Viewing manufacturing as an organization, we find the similar aspects that help rapid responsiveness as for any agile organization. In general we can say that agile manufacturing mainly needs three things: 1) Rapid responsive organization, 2) Rapid responsive production flow, 3) Technical ability. At the same time, to enable agile manufacturing, there has to be sufficient attention to architecture and design that supports agile manufacturing (Design for Manufacturing).
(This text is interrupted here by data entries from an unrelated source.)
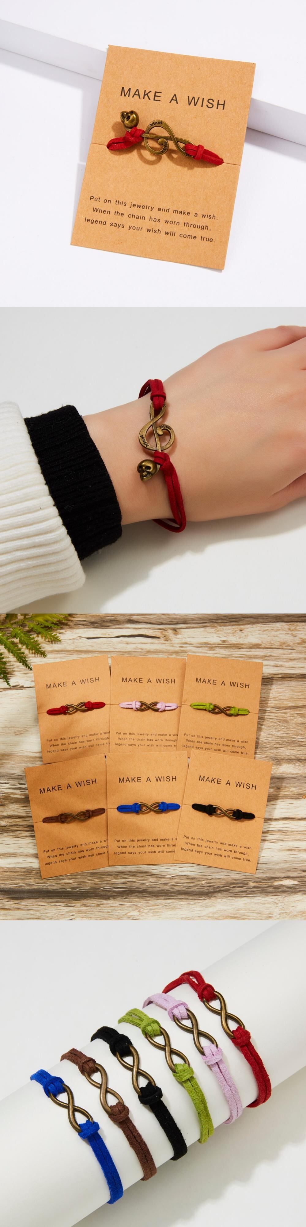 送料無料 手作りのヴィンテージラブインフィニット「8」ノートスカルペンダントウィービングロープチェーンブレスレットメイクアウィッシュボール紙 ビンテージ アクセサリー AE1332221621310132468
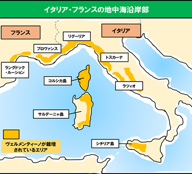 ジャンシス ロビンソンMW著の「WINE GRAPES」によると、ヴェルメンティーノは13~14世紀にコルシカ島で栽培されていたと言われています。サルデーニャ島には、このぶどうはスペインから伝えられた(14~17世紀にはこの島はカタルーニャの支配下にあったので)という言い伝えがあったり、ギリシャや中近東から伝わったという話もあったようですが、DNA鑑定の結果からそれを裏付ける証拠は見つかっていません。初めて文献に登場するのが、ピエモンテ州で栽培されていたという1658年の記録。コルシカ島とピエモンテ州はリグリア海を挟んで向かい合った位置関係ですから、コルシカ、リグーリア、トスカーナ、プロヴァンスを結ぶ四角形のあたりがヴェルメンティーノ発祥の地だと推測されます。現在の栽培の中心地もそのエリア。少し古いデータですが、2008年の時点でフランスとイタリアの栽培面積が約3,500haずつでほぼ同数。プロヴァンス、コルシカ島、サルデーニャ島、リグーリア州が中心地でした。有名なワイン産地としては、サルデーニャ島唯一のDOCGワインである、ヴェルメンティーノ・ディ・ガッルーラやこの島全体で生産されるよりカジュアルな味わいのヴェルメンティーノ・ディ・サルデーニャ、コルシカ島の白ワイン全般(特にヴェルメンティーノ100%が義務付けられるAOCパトリモニオの力強く引き締まった白)、香り高くはなやかなリグーリアのDOCコッリ・ディ・ルーニなどが挙げられるかと思います。プロヴァンスではこのぶどうはロールと呼ばれ、白ワインづくりだけでなく、プロヴァンスの代名詞とも言えるロゼワインにブレンドする事も認められており、あの素敵な淡いピンクロゼカラーを表現するのに一役買っています。そして近年注目なのがトスカーナ。著名な生産者たちが海岸部で次々とヴェルメンティーノをつくり出しており、ラベルに品種名を表示している事もあってヴェルメンティーノの人気と認知に大きく貢献しています。
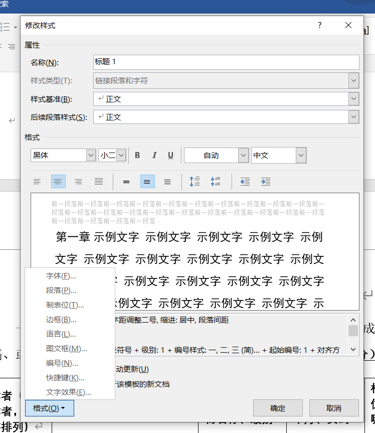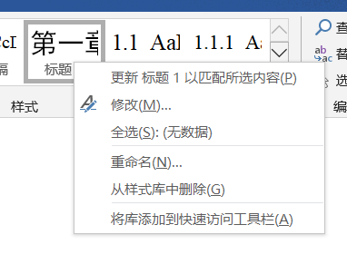 如下图所示,将1级标题的样式设为第一章、第二章。。。
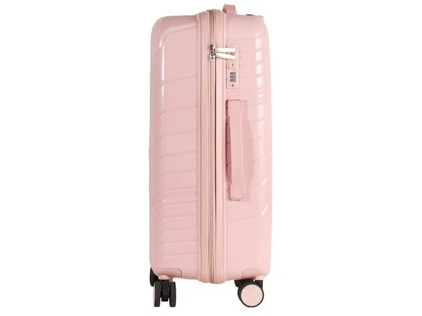 With an ultra-durable polypropylene shell, this luggage bag is lightweight yet sturdy. Comes with an integrated TSA Combination Lock, 4 x multi-directional wheels, an aluminium telescopic handle, expandable zipper design and a side and top handle for easy lifting
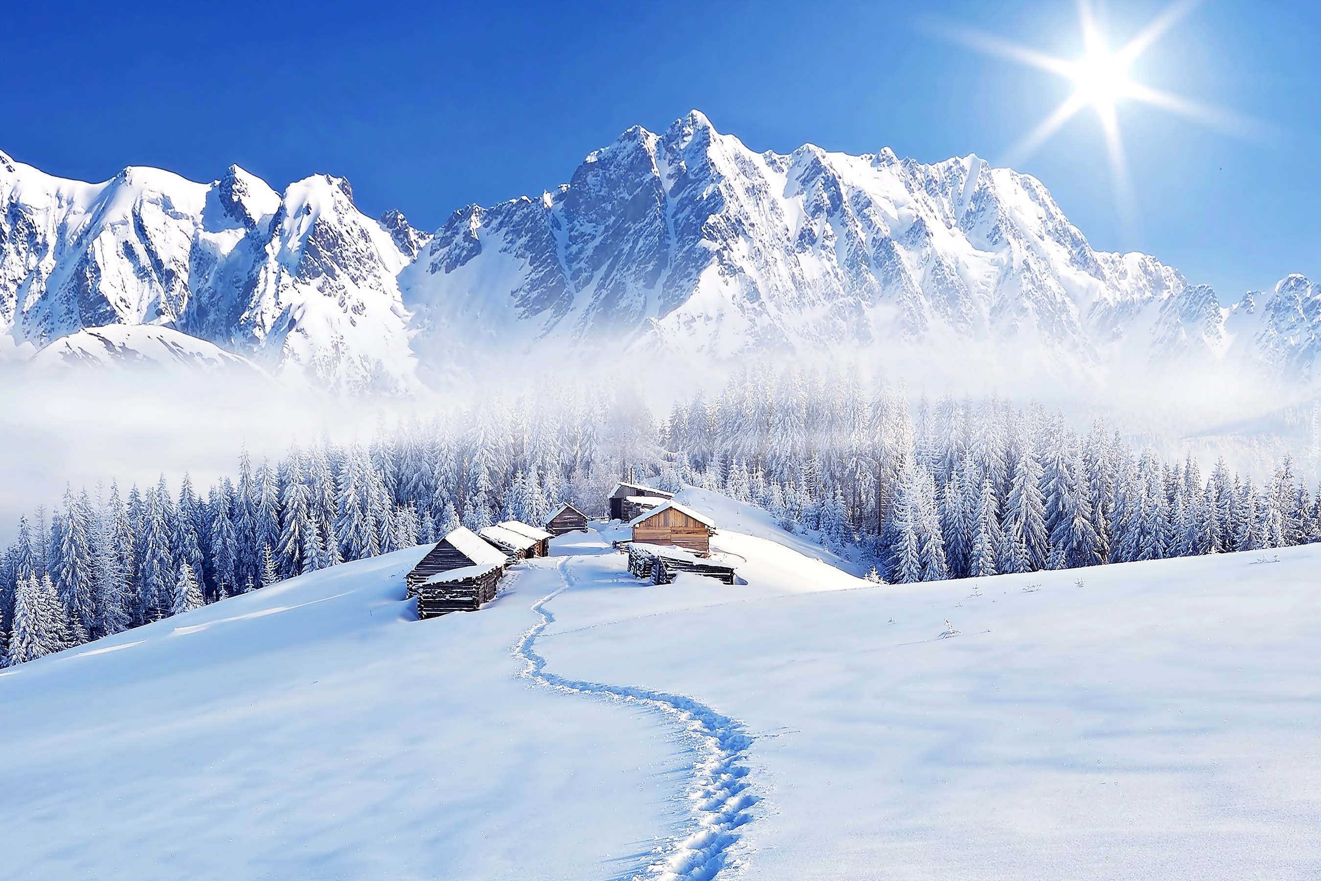 Edytor tapety: Zima, Góry, Las, Mgła, Promienie, Słońca, Domy
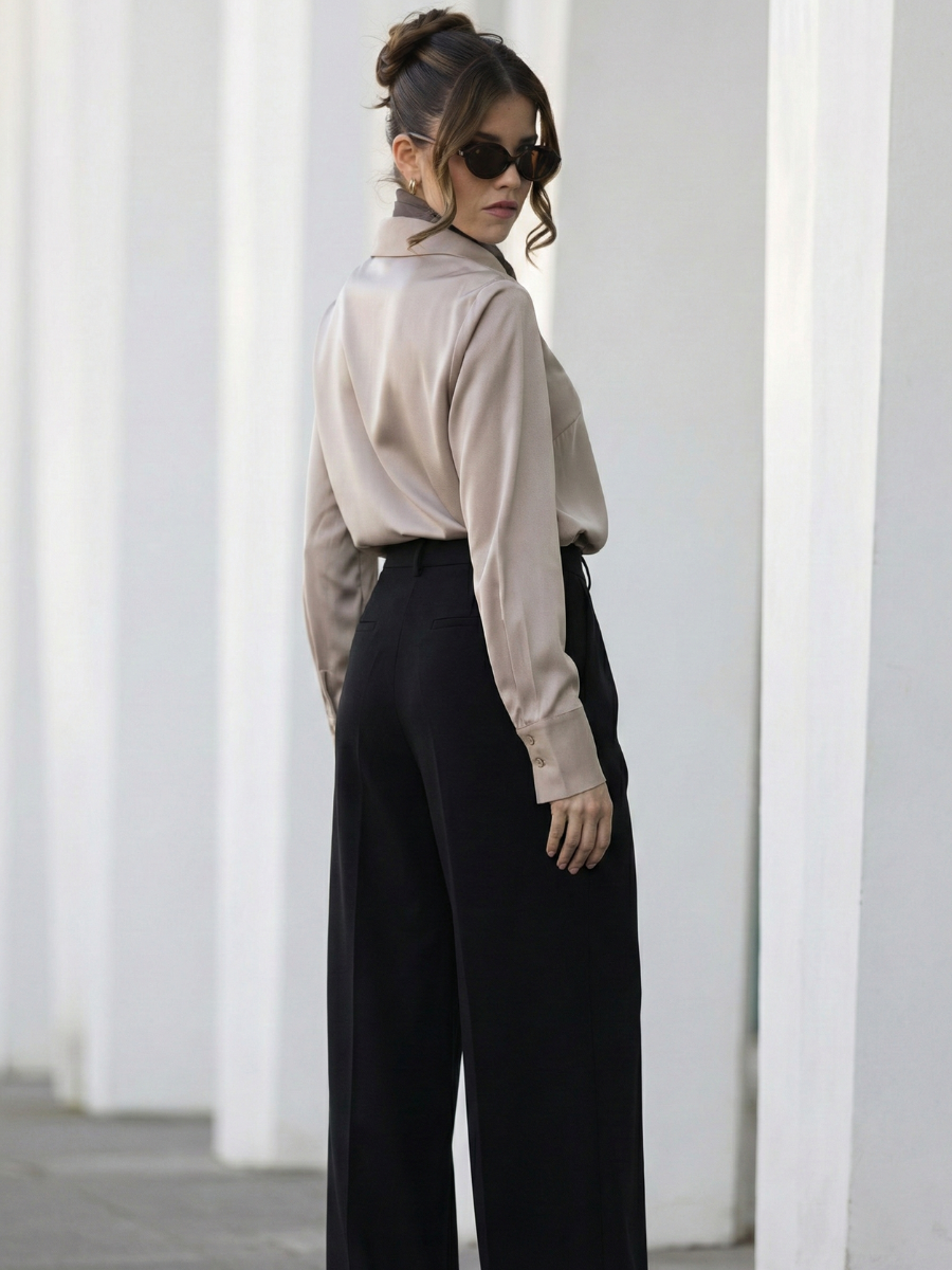 Combine com camisolas justas ou camisas fluídas para um visual equilibrado e moderno.
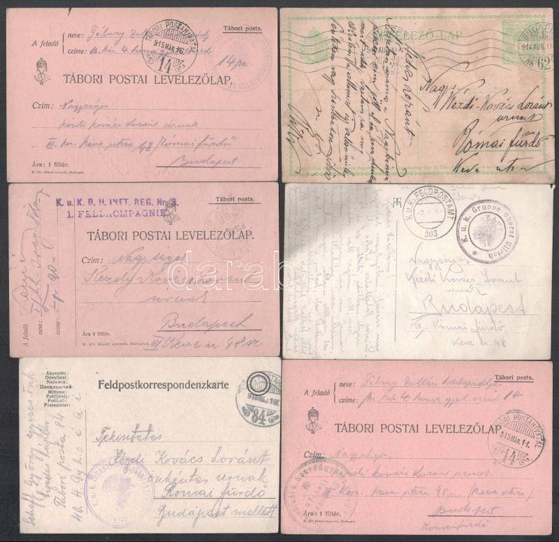 cca 1914-16 össz 10 db I. világháborús tábori posta Kézdi-Kovács Lóránthoz (1897-1916), Kézdi-Kovács László (1864-1942) festőművész, műkritikus fiához, közte egy rajzos valamint egy Sárdy Brutustól, későbbi festőművész, restaurátortól. Kézdi-Kovács Lóránt mindössze 19 évesen, 1916-ban az I. világháborúban esett el.
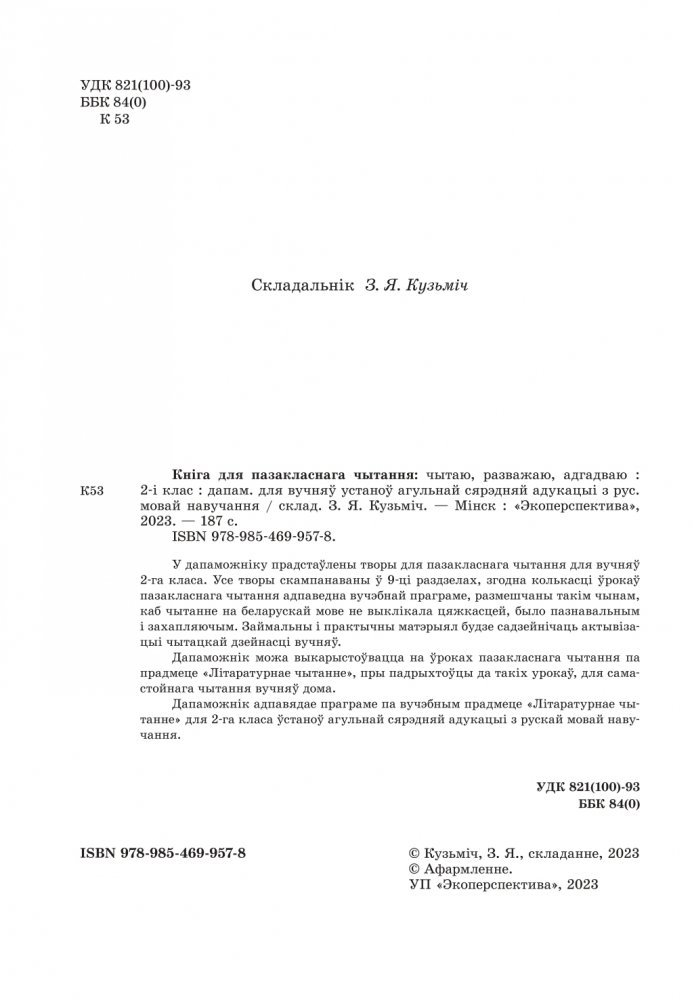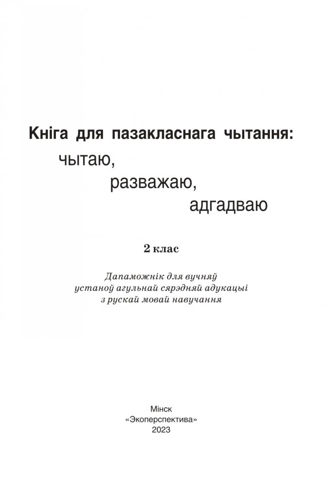 Кніга для пазакласнага чытання: чытаю, разважаю, адгадваю. 2 клас
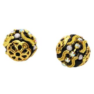 Indonesian Clay Bead 16mm Round Tibetan Caps Black/Gold
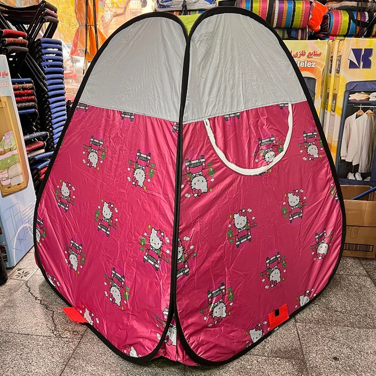 چادر بازی کودک و نوجوان مدل فنری طرح کیتی ( هلوکیتی ) سایز 116 رنگ صورتی ( 2نفره کودک ) کد3
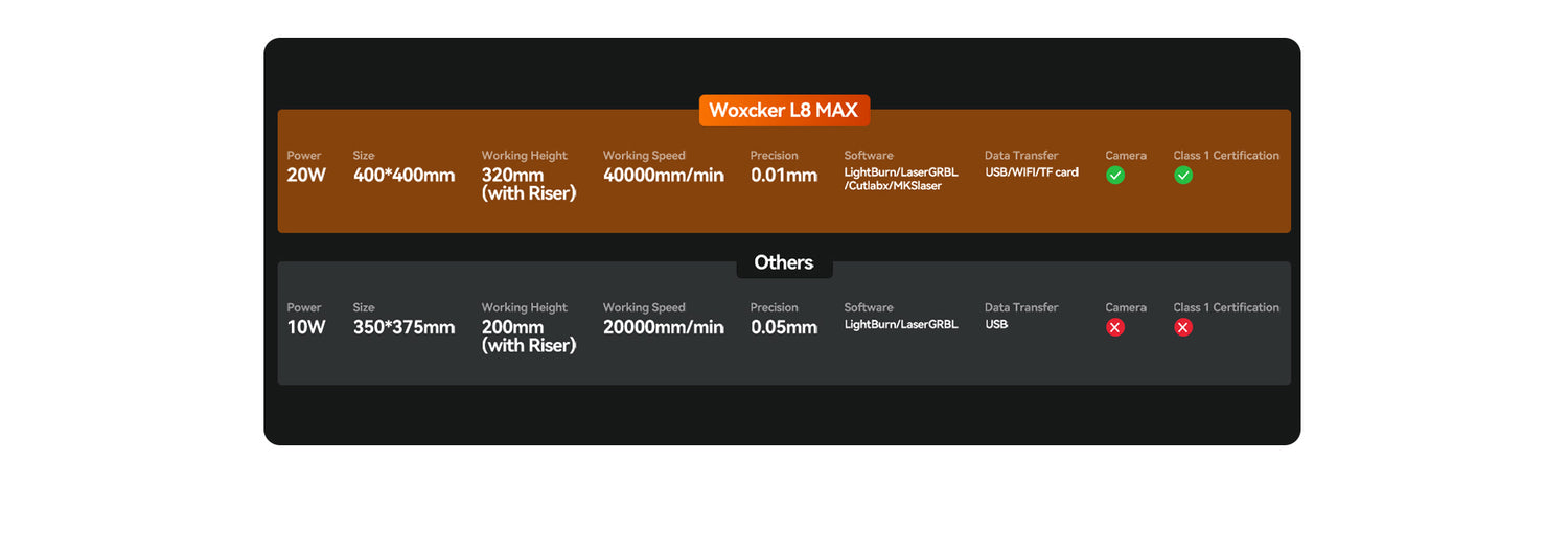 Woxcker L8 MAX 20W – All-in-One Laser Engraving & Cutting Machine
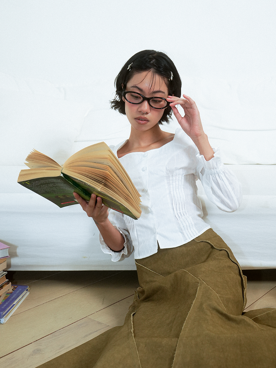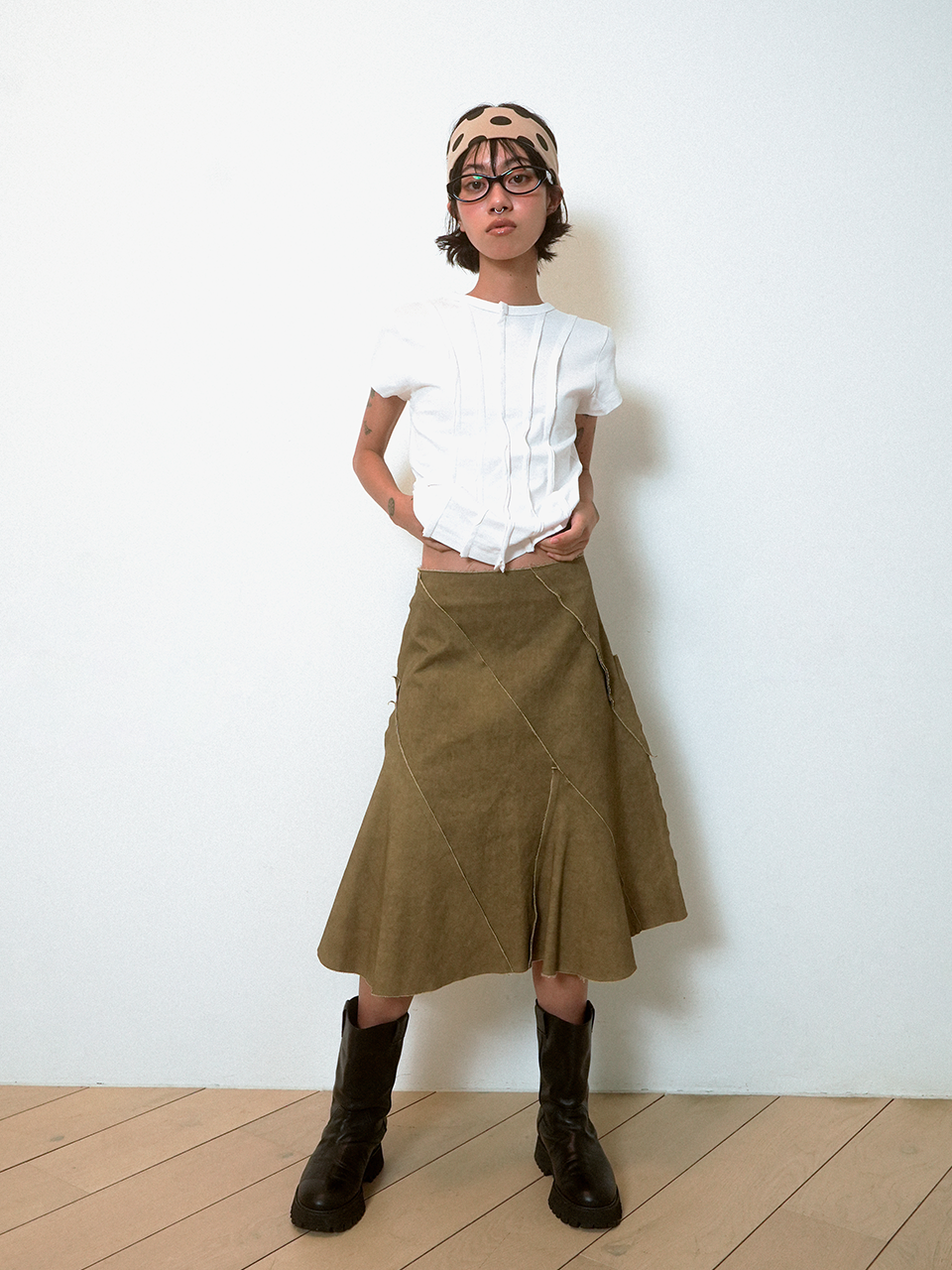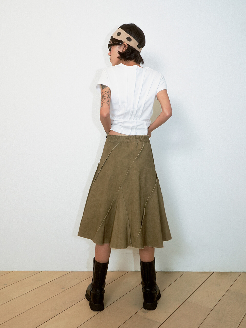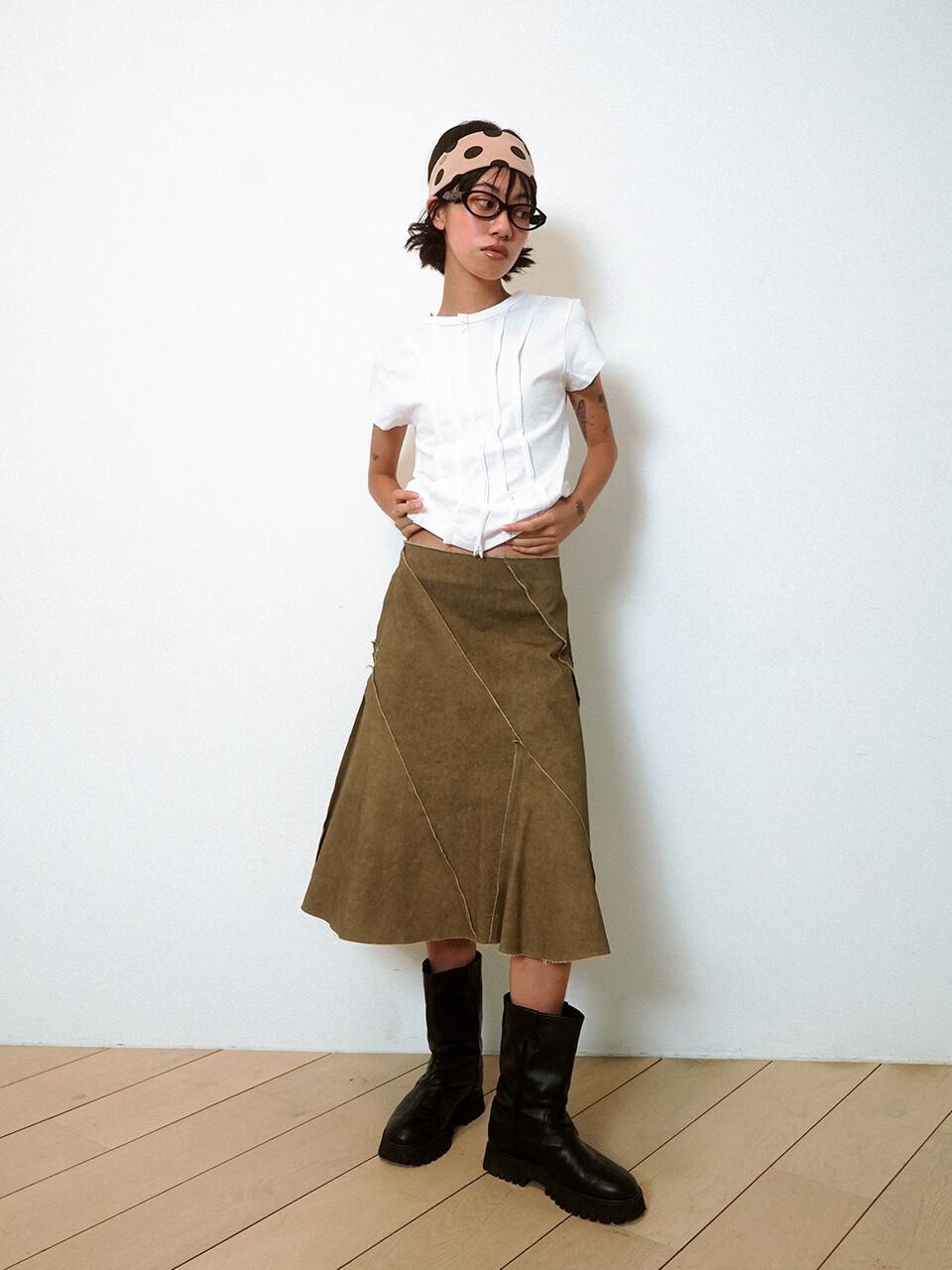 RIPPED PAGE MIDI SKIRT (SAND BROWN)

There are however specific differences and challenges. As Don Reinertsen puts it, “It is the difference between making food and making recipes. The manufacturing factory creates food for people to eat. The design factory creates recipes.” Factories typically deliver a product multiple times, from small series to mass production, where product development delivers a recipe only once. However, with increased mass configuration and incremental improvements from development, quantities will drop. Without changing the organization, way of organizing production flow and the technical abilities, quality will drop and costs will sky-rocket. As agile manufacturing has a totally different purpose, vision and strategy will need to change and with that the organization, way of organizing, and technical ability. To get there requires a transition as described in The Journey.

Rapid responsive organization

To be able to quickly respond to changes (like market conditions), we need flexibility, both in capacity as in competence/capabilities. We need this in people and machinery in our own organization, as well as suppliers we depend on. We can find flexibility in the machines, people, organizations themselves, or by being flexible in where to have the work done. Machines can become more flexible by rapid tool changes, flexible grippers, use of multi-purpose robots, etc.

People can become more flexible by learning different competences (T-shape), using technology like augmented assembly, etc. 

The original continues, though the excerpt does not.